VAIL The Vail Symposium hosts Dr. Scott Brandt, Dr. Kristin Comella and Dr. Stan Jones who will lead an interactive discussion on the history, evolution, practical applications and clinical results around stem cell treatments Friday evening in Vail.

The program is part of the Symposiums ongoing Living at Your Peak series, which is dedicated to exploring new breakthroughs in medicine and helping people live healthier, more active lives.

This program fits perfectly with our Living at Your Peak series, said Tracey Flower, the Symposiums executive director. There is a lot surrounding this topic, and has been for quite some time. With recent research in a changing medical industry, it is a great topic to discuss.

An example of breakthroughs in stem cell therapy comes in the form of the record-shattering Broncos quarterback, Peyton Manning. After failed surgeries, Manning traveled to Germany to undergo stem cell treatment on his cervical spine. At 37, Manning is playing his best football.

During this educational program, panelists will discuss the evolution of the stem cell field, explain current procedures, present research and clinical findings, and talk about the potential for stem cell applications in the future.

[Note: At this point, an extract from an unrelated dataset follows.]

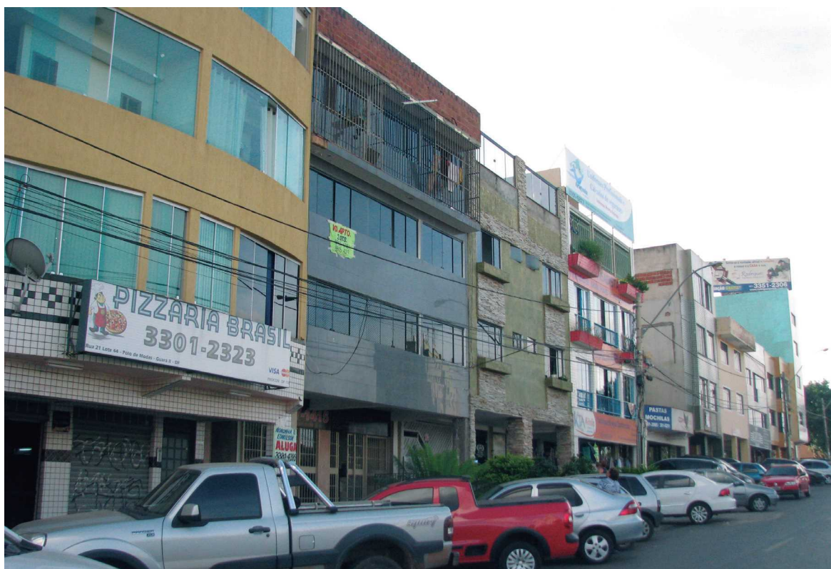
A regularização da QE 40/Polo de Moda deverá considerar a situação atual da quadra, desvirtuada do seu projeto original. Uma das soluções estudadas é cobrar o valor cheio de quem apenas especula

“Se já está ruim para vender, imagine levarem o resultado do que o comerciante consegue vender”, reclama. A solução está sendo buscada em parceria com as áreas de segurança da cidade. “Com a ajuda do 4º Batalhão da Polícia Militar e da 4ª Delegacia de Polícia, estamos criando meios de proteger um pouco mais o empresário”, conta. Um desses meios é a divulgação e implantação do Sistema de Monitoramento e Acionamento Policial Imediato, o Smapi, um sistema eletrônico que pode ser acionado instantaneamente pelo lojista ao 4º Batalhão da PM.
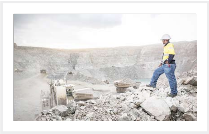
کارکنان معدن در آفریقا

در صنعت فولاد استفاده می‌شود حتی از سهم عظیم آن در ذخایر فلزات جهان چشمگیرتر است؛ تقریباً ۹۰ درصد ذخیره جهانی کروم و تیتانیوم در جنوب آفریقا و میزان کمتری از آن در غرب و شمال شرق آفریقا وجود دارد. جالب است که بدانید، روسیه در سال‌های اخیر فعالیت گسترده‌ای در معان آفریقا داشته و همچنان معدنچیان روسیه در حال سرمایه‌گذاری قابل توجهی در حوزه فعالیت فلزی و مواد معدنی در آفریقا دارند. روسیه در پروژه‌هلی منابع انرژی کامرون، کنگو، غنا، موزامبیک و نجریه مشارکت دارند و همچنین در معادن مختلف مانند آنگولا، گینه، نیجریه، سودان و زیمبابوه سهم دارند. در این رابطه مدیر امور بین‌الملل ایمیدرو گفته است: عربستان سعودی و چین با سرمایه‌گذاری کلان و اتکا به نفوذ سیاسی خود، در حال به دست آوردن سهم قابل توجهی از بازار معادن قاره

Join the Vail Symposium at 5 p.m. Friday at the Antlers Hotel in Vail for this event, titled: Stem Cells: The Future of Medicine is Now. Space is limited; reserve your tickets at http://www.vailsymposium.org/calendar or call the Vail Symposium at 970-476-0954.

More about the panelists

Dr. Scott Brandt: Brandt, the medical director of ThriveMD in Edwards, specializes in regenerative and restorative medicine. Brandt completed his undergraduate studies at the University of Michigan at Ann Arbor, and attended medical school at Bowman Gray School of Medicine, Wake Forest University in North Carolina. He then completed his anesthesiology residency training and internship at the University of Illinois and Michael Reese Hospitals in Chicago. As a resident in anesthesiology, Brandt specialized in interventional pain management. Since 1997, this focus has kept him on the leading edge of medical innovations that provide longer lasting solutions for acute and chronic pain. The advancement of stem cell therapy, coupled with Brandts expertise in image-guided injections, has made joint rejuvenation an important part of his practice.

Dr. Kristin Comella: In 2013, Comella was named as one of the 25 most influential people in the stem cell field. She has more than 14 years of experience in regenerative medicine, training and education, research, product development and has served in a number of senior management positions with stem cell related companies. Comella has more than 12 years of cell culturing experience including building and managing the stem cell laboratory at Tulane Universitys Center for Gene Therapy. She has also developed stem cell therapies for osteoarthritis at Osiris Therapeutics. Comella has been a member of the Bioheart senior management team since 2004 and is currently serving as its chief scientific officer.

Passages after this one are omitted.